(Extracted data entries)
────

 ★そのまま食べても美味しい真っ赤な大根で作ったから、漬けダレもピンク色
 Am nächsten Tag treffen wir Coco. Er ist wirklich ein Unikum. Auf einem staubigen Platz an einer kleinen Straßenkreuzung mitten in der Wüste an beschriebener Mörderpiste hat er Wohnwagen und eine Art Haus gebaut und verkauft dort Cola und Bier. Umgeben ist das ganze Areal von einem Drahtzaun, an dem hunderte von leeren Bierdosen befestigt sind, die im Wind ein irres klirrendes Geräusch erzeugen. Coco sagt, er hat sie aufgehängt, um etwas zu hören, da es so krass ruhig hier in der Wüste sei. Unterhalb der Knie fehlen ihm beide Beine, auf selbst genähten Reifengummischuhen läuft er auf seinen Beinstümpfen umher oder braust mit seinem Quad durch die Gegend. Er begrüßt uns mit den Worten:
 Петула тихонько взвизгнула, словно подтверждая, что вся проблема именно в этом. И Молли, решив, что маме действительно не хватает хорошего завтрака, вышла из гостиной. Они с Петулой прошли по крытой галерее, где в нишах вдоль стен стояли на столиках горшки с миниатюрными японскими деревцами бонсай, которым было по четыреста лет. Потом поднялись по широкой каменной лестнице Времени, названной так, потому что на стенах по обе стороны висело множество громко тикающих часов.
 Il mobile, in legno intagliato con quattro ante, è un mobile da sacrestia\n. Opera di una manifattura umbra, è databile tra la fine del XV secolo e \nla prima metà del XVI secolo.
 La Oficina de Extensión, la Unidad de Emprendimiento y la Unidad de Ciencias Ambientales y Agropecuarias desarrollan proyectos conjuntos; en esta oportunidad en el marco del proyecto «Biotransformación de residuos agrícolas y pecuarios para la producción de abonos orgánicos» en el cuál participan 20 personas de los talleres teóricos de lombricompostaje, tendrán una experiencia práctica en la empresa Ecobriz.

────

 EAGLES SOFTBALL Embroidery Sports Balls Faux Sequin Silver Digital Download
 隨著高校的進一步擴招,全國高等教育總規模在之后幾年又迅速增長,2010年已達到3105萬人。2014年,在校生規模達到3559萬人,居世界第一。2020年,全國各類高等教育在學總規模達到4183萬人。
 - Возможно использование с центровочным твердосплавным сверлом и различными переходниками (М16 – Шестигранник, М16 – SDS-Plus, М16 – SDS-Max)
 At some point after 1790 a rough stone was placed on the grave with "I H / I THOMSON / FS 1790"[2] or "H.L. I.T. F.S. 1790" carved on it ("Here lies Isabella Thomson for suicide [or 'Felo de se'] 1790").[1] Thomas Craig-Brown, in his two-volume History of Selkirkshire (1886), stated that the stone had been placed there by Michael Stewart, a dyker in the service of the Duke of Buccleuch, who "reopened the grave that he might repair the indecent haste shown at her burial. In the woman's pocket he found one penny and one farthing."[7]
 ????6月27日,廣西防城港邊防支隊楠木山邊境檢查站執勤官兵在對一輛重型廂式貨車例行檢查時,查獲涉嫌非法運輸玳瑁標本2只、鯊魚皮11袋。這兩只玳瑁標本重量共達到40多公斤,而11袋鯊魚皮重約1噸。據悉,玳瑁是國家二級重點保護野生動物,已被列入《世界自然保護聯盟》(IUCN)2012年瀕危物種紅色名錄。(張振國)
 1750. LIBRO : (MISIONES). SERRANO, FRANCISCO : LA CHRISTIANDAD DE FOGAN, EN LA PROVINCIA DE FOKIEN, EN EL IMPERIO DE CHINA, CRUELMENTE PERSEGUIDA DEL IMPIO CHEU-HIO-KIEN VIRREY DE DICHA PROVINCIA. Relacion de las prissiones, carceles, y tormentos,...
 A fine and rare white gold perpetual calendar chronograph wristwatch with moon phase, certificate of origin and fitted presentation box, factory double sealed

────

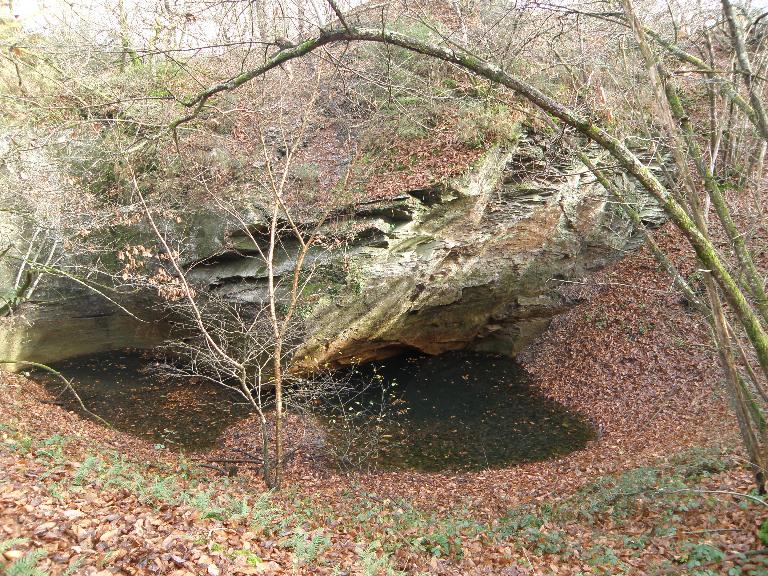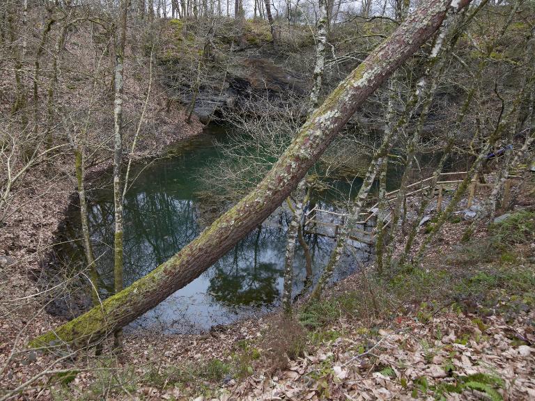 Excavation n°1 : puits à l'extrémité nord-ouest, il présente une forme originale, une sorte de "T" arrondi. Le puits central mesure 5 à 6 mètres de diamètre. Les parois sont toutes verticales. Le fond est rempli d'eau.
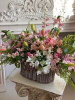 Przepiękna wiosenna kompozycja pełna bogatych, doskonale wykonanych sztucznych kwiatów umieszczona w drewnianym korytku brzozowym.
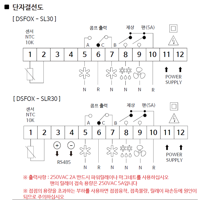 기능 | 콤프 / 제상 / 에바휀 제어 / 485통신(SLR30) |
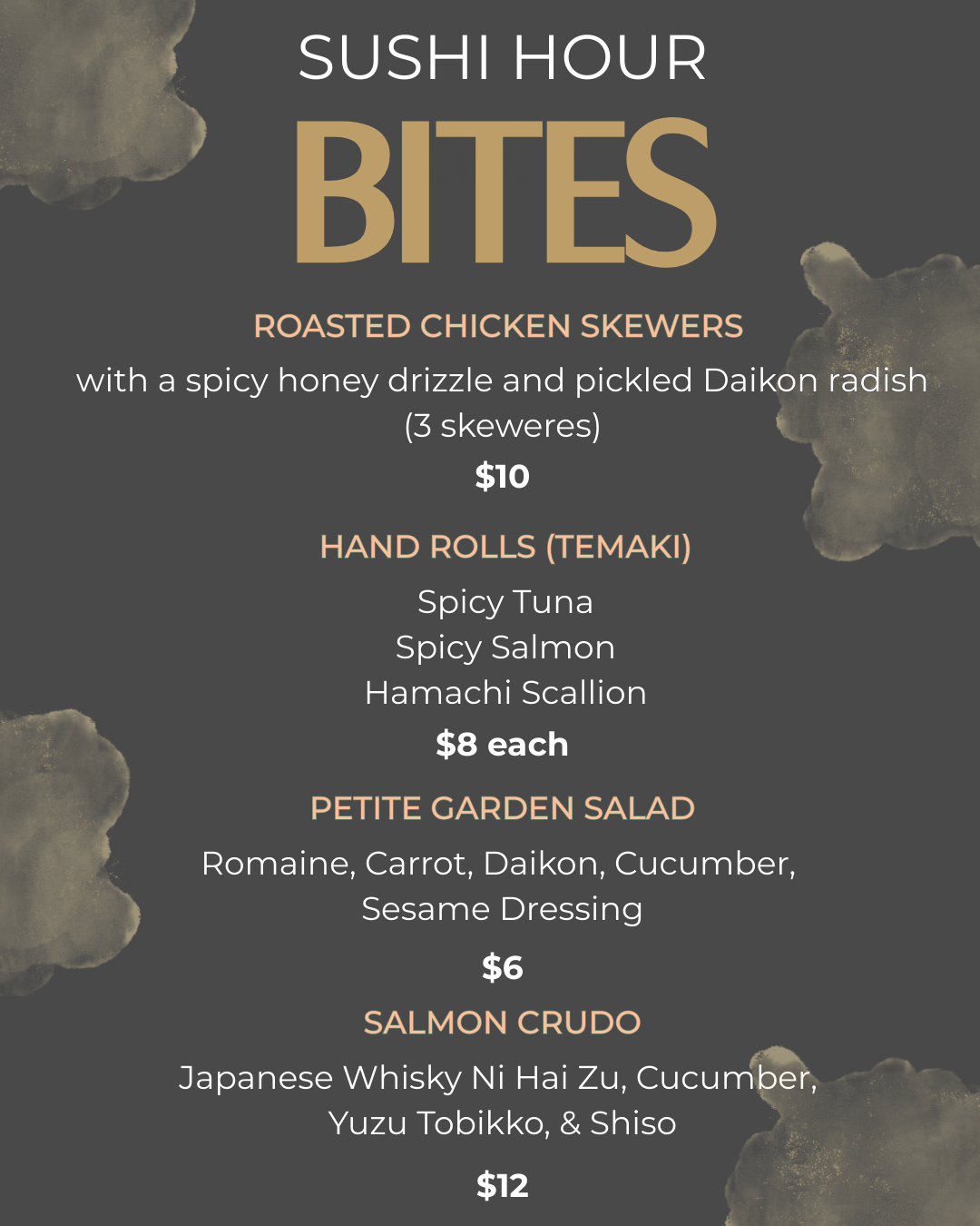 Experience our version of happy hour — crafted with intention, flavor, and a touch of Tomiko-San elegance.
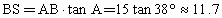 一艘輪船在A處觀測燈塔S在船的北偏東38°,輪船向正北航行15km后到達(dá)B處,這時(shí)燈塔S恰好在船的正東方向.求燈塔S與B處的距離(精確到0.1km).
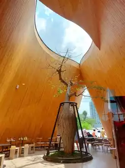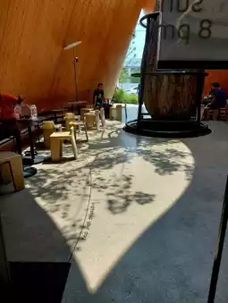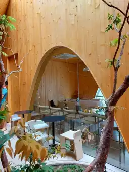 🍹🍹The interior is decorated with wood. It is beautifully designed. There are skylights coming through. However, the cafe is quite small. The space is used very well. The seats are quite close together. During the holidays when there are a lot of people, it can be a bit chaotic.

────

TASK OBJECTIVE — Return a word-for-word copy of the lines above from the one holding "EAGLES SOFTBALL Embroidery" through the one holding "- Возможно использование", with both of them included and nothing besides.

RESPONSE —
 EAGLES SOFTBALL Embroidery Sports Balls Faux Sequin Silver Digital Download
 隨著高校的進一步擴招,全國高等教育總規模在之后幾年又迅速增長,2010年已達到3105萬人。2014年,在校生規模達到3559萬人,居世界第一。2020年,全國各類高等教育在學總規模達到4183萬人。
 - Возможно использование с центровочным твердосплавным сверлом и различными переходниками (М16 – Шестигранник, М16 – SDS-Plus, М16 – SDS-Max)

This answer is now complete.